Perhaps this just goes to prove open source don't work?
Polish, the elusive thing which open source never achieves, is fully lacking from Planeshift. It's not just that all too many things are ugly, incomplete, bugged or lacking, it's a deeper problem. There just isn't any final 'perfected state' envisioned, which everyone coordinates their efforts to achieve, on schedule. No, In an open source project, everyone just works on the thing more or less in random. It may 'improve' a lot over time, but never achieves any predefined goals. Some parts will be fixed, some will not be fixed. Ever.

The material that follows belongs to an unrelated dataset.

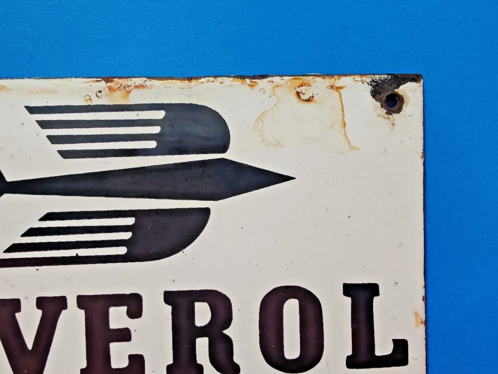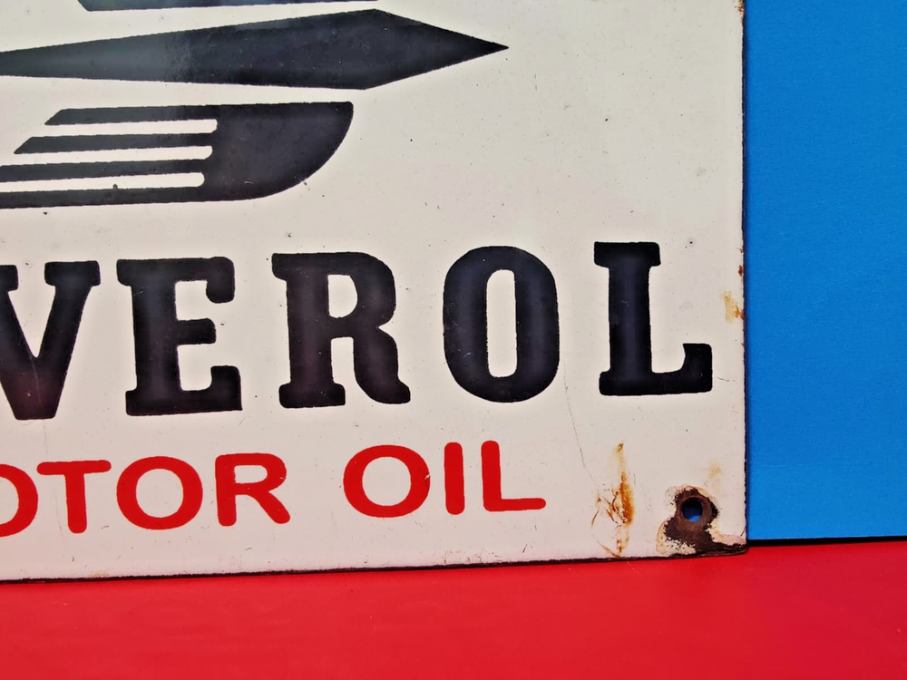 $ 42.24Vintage BEVEROL MOTOR OIL Porcelain Enamel Sign 8" x 5" Inch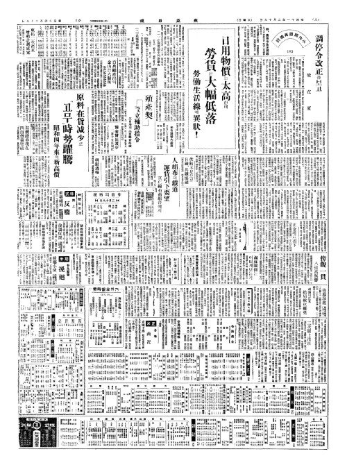- 日用物價(일용물가)는太高(태고)한데 勞賃(노임)은大幅低落(대폭저낙)

User Friendliness, the other elusive thing open source regularily fails at delivering, is fully lacking too. It's not just that the new user has no freaking idea what he/she is supposed to be doing, or that the interface is clunky and poorly thought out, it's once again a deeper problem. When someone 'complains' in even the most reasonable way about some obvious problem, this is instantly brushed aside.
"Feature X don't work? Do something else then!" is the attitude.
"Have patience!" and "Don't try to gameplay, roleplay!" and even "It's supposed to be painful!" are other little pearls of wisdom concerned people have got at this forum. Very few are actually able to lower their expectations far enough for this game to fit the bill, it seems.
When pushed against the wall about the lousy quality of their software, open source proponents usually resort to "you can't demand anything, you get what you pay for!", which is exactly the point. If you pay zero, and 'get what you pay for', you're not getting very much bang for your time spent, are you?
"Planeshift will revolutionize the gaming world over the next few years", the web site boldly claims. I seriously doubt it. The quality is far below the mark even today, and the attitude towards the new player is downright hostile. I will rather pay money for something worth my time, and so will the vast majority of players out there, I assure you.